Alhazmi Ali, Mahmud Rohana, Idris Norisma, Mohamed Abo Mohamed Elhag, Eke Christopher Ifeanyi
Faculty of Computer Science and Information Technology, Universiti Malaya, Kuala Lumpur, Malaysia.
Department of Computer Science, College of Engineering and Computer Science, Jazan University, Jazan, Saudi Arabia.
PLoS One. 2024 Jul 17;19(7):e0305657. doi: 10.1371/journal.pone.0305657. eCollection 2024.

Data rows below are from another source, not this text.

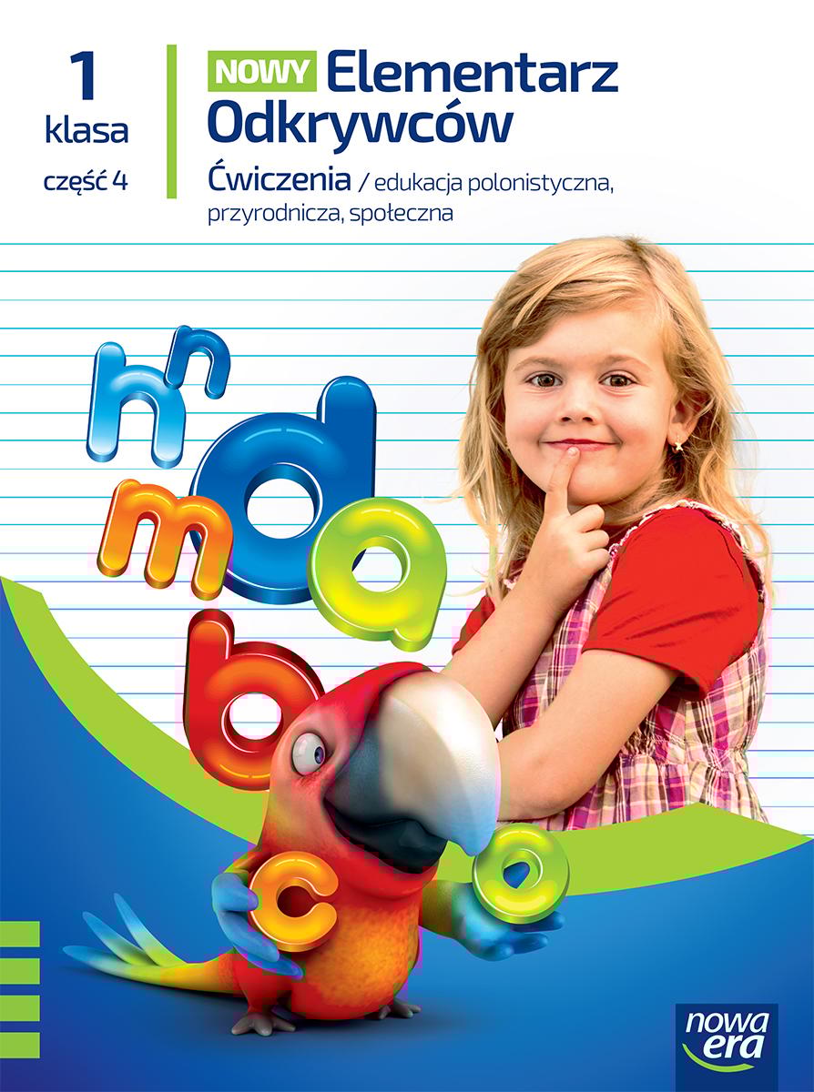 Ćwiczenia z serii „Nowy Elementarz Odkrywców" do klasy 1, część 4 wprowadzają ucznia w świat edukacji polonistycznej, społecznej i przyrodniczej, kształtują niezbędną umiejętność czytania i pisania oraz stosując zasadę stopniowana trudności, przybliżają naukę o języku.Kształtują umiejętność pisania i czytania dzięki odpowiednio dobranym ćwiczeniom usprawniającym rozwój koordynacji wzrokowo-słuchowej.Rozwijają sprawność poprawnego pisania liter dzięki licznym i różnorodnym ćwiczeniom – zaczynając od szlaczków literopodobnych, przez kolejno wprowadzane litery pisane po śladzie i w liniaturze, połączenia literowe, a także wyrazy i zdania.Usprawniają motorykę małą, percepcję i pamięć wzrokową na stronach z kolorowankami, rozsypankami literowymi i wyrazowymi oraz rebusami.Doskonalą sprawność językową i wzbogacają słownictwo.Wprowadzają uczniów w świat nauki o języku.Pozwalają bliżej poznać świat przyrody i uczą szacunku do otaczającego nas świata na stronach Przygody przyrody.Umożliwiają zrozumienie i zapamiętanie treści przyrodniczych oraz zachęca do obserwacji świata przyrody.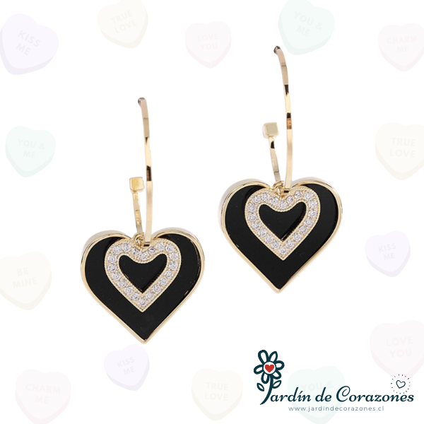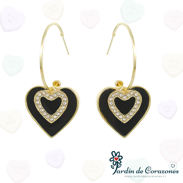 Hermosos aros, con un corazón negro colgando de una argolla y hermosos strass.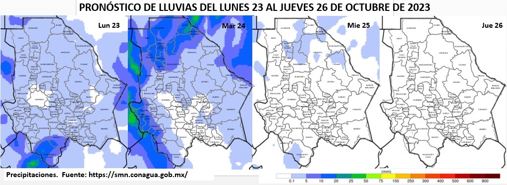 Este lunes 23 de octubre se esperan lluvias de dispersas a moderadas con chubascos (de 5.1 a 25 mm), en municipios como Guadalupe y Calvo, Guachochi, Balleza y Manuel Benavides.Serán de aisladas a dispersas de (de 2.1 a 5 mm) en Juárez, Ahumada, Guadalupe, Ascensión, Janos, Casas Grandes, Nuevo Casas Grandes, Madera, Moris, Ocampo, Uruachi, Chínipas, Guazapares, Urique, Batopilas, Morelos, Santa Isabel, Chihuahua, Aldama, Rosales, Meoqui, Delicias, Saucillo, La Cruz, Camargo, Satevó, Rosario, Parral, Santa Bárbara, Matamoros, Allende, Jiménez, Coyame y Ojinaga.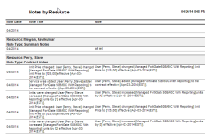 All system, task, ticket, and project notes for a selected date range, sorted by resource and note type. |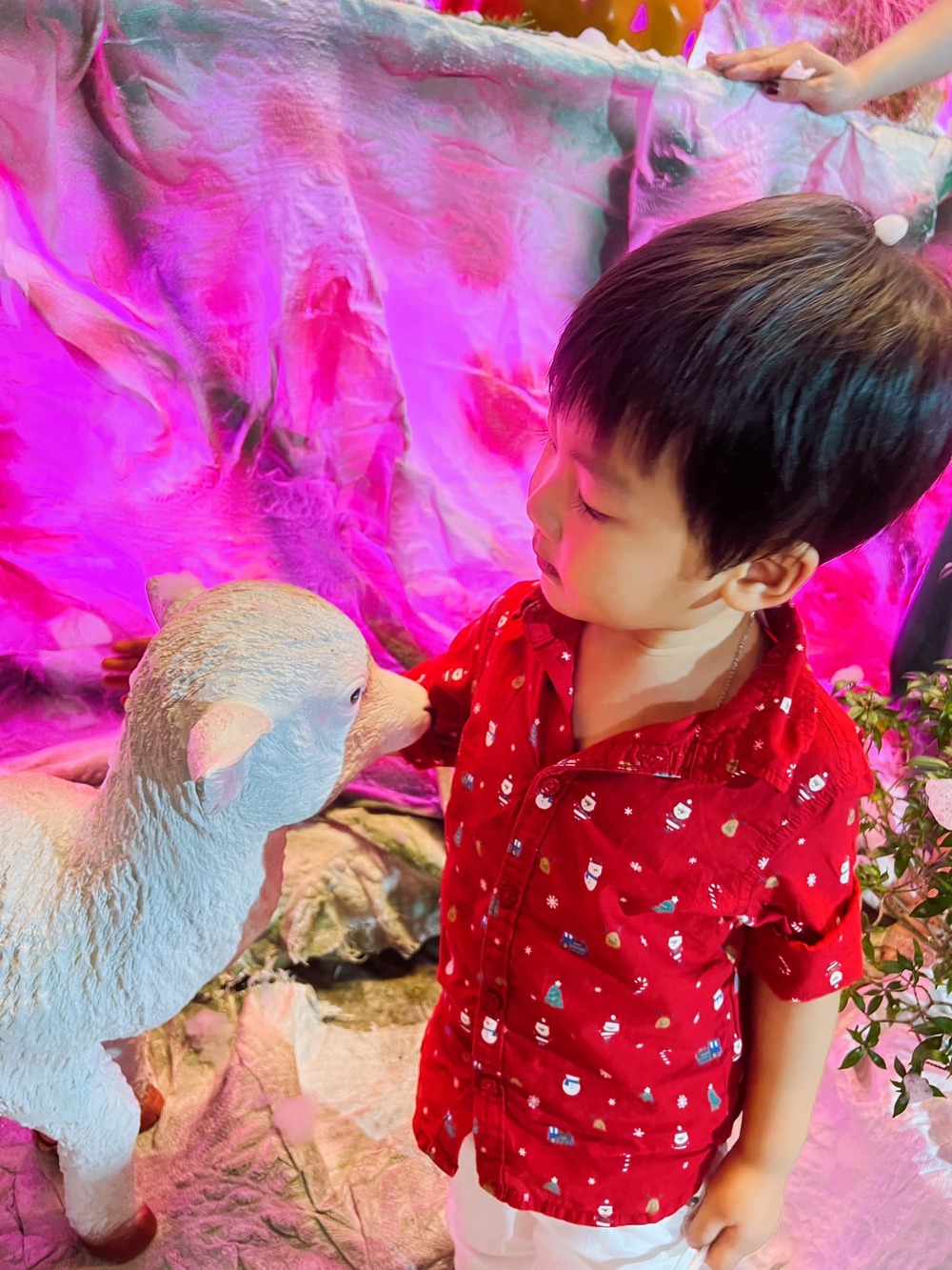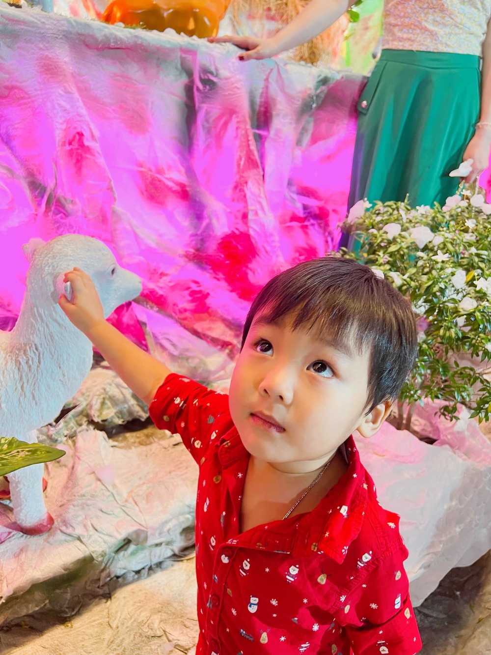 Con trai Hòa Minzy vui vẻ và hào hứng khi được vui chơi trong đêm Noel. (Ảnh: FB Hòa Minzy)
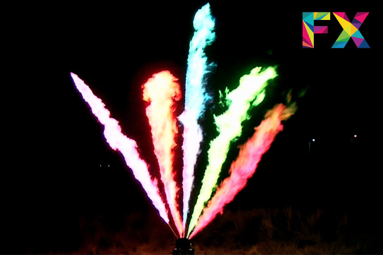 De los efectos más impactantes para el público, flamas en 5 diferentes colores (rojo, azul, amarillo, verde y lila) que alcanza una altura de 9 metros y son ideales para proyectos donde se busca sorprender y emocionar al público.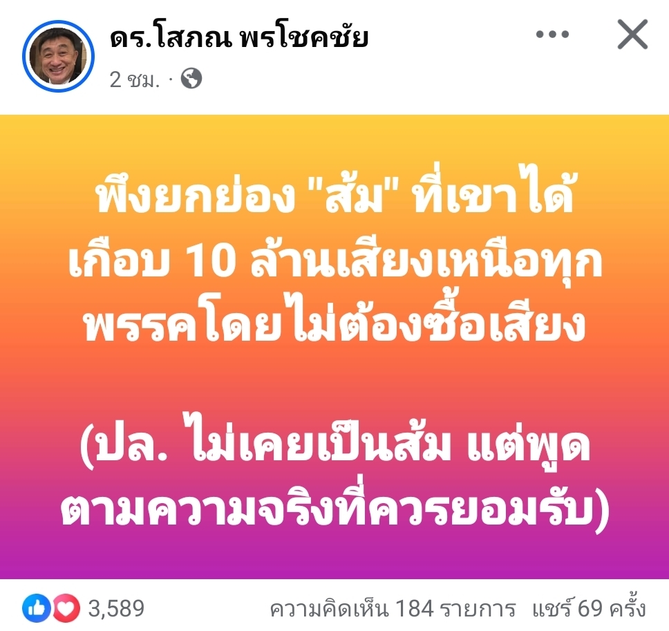 ดร.โสภณ ชี้ พูดตามความจริงที่ควรยอมรับ ส้ม เกือบ 10 ล้านเสียง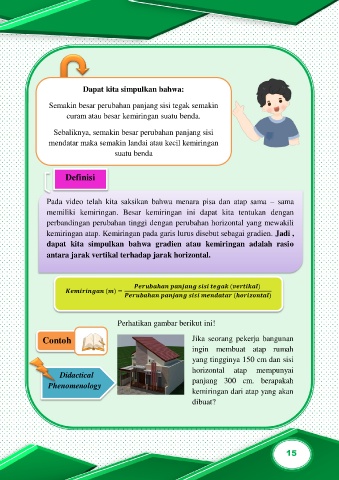kemiringan atap. Kemiringan pada garis lurus disebut sebagai gradien. Jadi ,

Technological developments over the past few decades have changed the way people communicate, with platforms like social media and blogs becoming vital channels for international conversation. Even though hate speech is vigorously suppressed on social media, it is still a concern that needs to be constantly recognized and observed. The Arabic language poses particular difficulties in the detection of hate speech, despite the considerable efforts made in this area for English-language social media content. Arabic calls for particular consideration when it comes to hate speech detection because of its many dialects and linguistic nuances. Another degree of complication is added by the widespread practice of "code-mixing," in which users merge various languages smoothly. Recognizing this research vacuum, the study aims to close it by examining how well machine learning models containing variation features can detect hate speech, especially when it comes to Arabic tweets featuring code-mixing. Therefore, the objective of this study is to assess and compare the effectiveness of different features and machine learning models for hate speech detection on Arabic hate speech and code-mixing hate speech datasets. To achieve the objectives, the methodology used includes data collection, data pre-processing, feature extraction, the construction of classification models, and the evaluation of the constructed classification models. The findings from the analysis revealed that the TF-IDF feature, when employed with the SGD model, attained the highest accuracy, reaching 98.21%. Subsequently, these results were contrasted with outcomes from three existing studies, and the proposed method outperformed them, underscoring the significance of the proposed method. Consequently, our study carries practical implications and serves as a foundational exploration in the realm of automated hate speech detection in text.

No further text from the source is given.